The high-availability engineering of Amazon S3 is focused on get, put, list, and delete operations. Because bucket operations work against a centralized, global resource space, it is not appropriate to create or delete buckets on the high-availability code path of your application. It is better to create or delete buckets in a separate initialization or setup routine that you run less often.

http://docs.aws.amazon.com/AmazonS3/latest/dev/BucketRestrictions.html

Design your application so that it doesn't matter whether you use one bucket or several. How? For each user, store the bucket_id where that user's data is stored. Then start with everybody in bucket_id 1 and then later you have the flexibility to put new users in new buckets if that becomes necessary... or if you decide to migrate some users to different buckets... or if you decide to situate users' storage in a bucket nearer to the user's typical location.

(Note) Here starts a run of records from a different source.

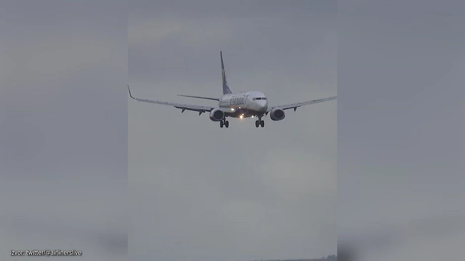 Na Tviteru se pojavio snimak koji prikazuje avion irskog prevoznika Rajan era, koji je pre sletanja na aerodrom u Mančesteru usled jakih vetrova ipak odložio sletanje i nastavio dalje.
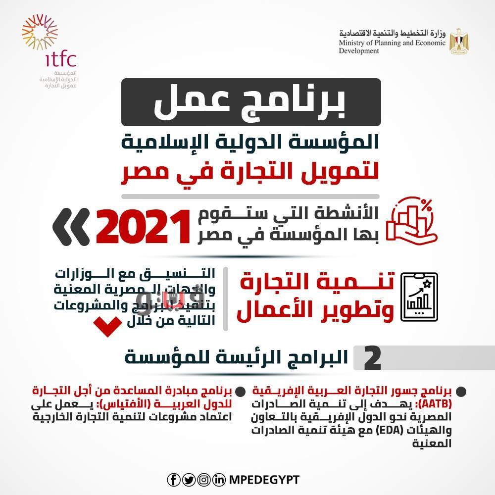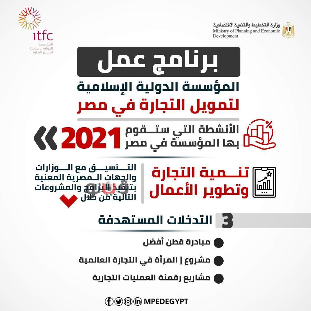 أعلنت وزارة التخطيط والتنمية الاقتصادية عن تفاصيل برنامج عمل المؤسسة الدولية الإسلامية لتمويل التجارة في مصر لعام 2021، والذي تم توقيعه بالأمس بحضور وزراء التخطيط والتنمية الاقتصادية، والبترول والثروة المعدنية، والتموين والتجارة الداخلية، والتعاون الدولي، والتجارة والصناعة، وقام بالتوقيع المهندس هاني سالم سنبل، الرئيس التنفيذي للمؤسسة الدولية الإسلامية لتمويل التجارة.
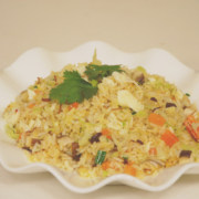 米饭、鸡蛋、胡萝卜粒、生菜丝、冬菇粒、葱花、盐、鸡粉、海鲜酱。
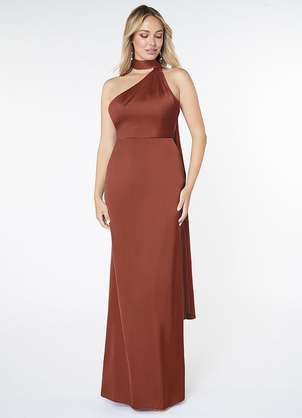 Azazie Kaylani Mermaid High Neck Stretch Satin Dress
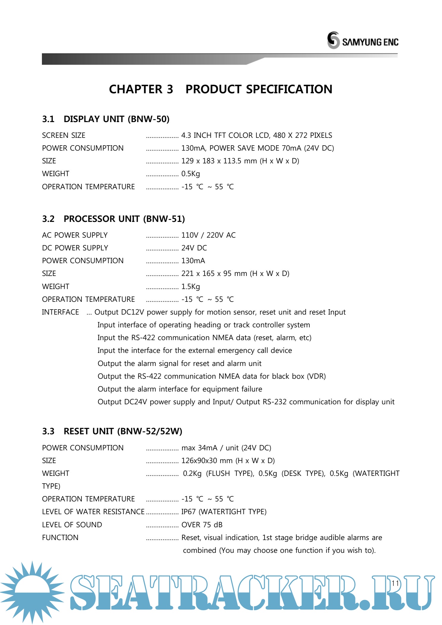Samyung BNW-50 Bridge Navigational Watch Alarm System User Manual
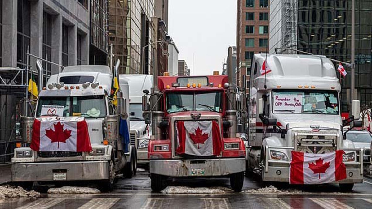 Од 7 февруари, камионџиите го блокираат сообраќајот кон Канада на мостот Амбасадор што го поврзува Виндзор, Онтарио, со Детроит во САД, принудувајќи ги автомобилските компании привремено да ги затворат фабриките или да го намалат производството.

S3 will automatically scale its capacity to meet the demands of your traffic. You can make that process easier by designing the paths to your objects so that there is nonsequential assignment of object keys near the left hand side of the key.

S3 scales its capacity by splitting index partitions, so, for example, giving each object a path that begins with the date of the upload would be a really bad idea, because your bucket index develops a hot spot with heavy uploads in a small part of the keyspace.

See http://docs.aws.amazon.com/AmazonS3/latest/dev/request-rate-perf-considerations.html

For the same reason, don't give your buckets lexically sequential names within a region.


What Dropbox may have been doing is probably not relevant.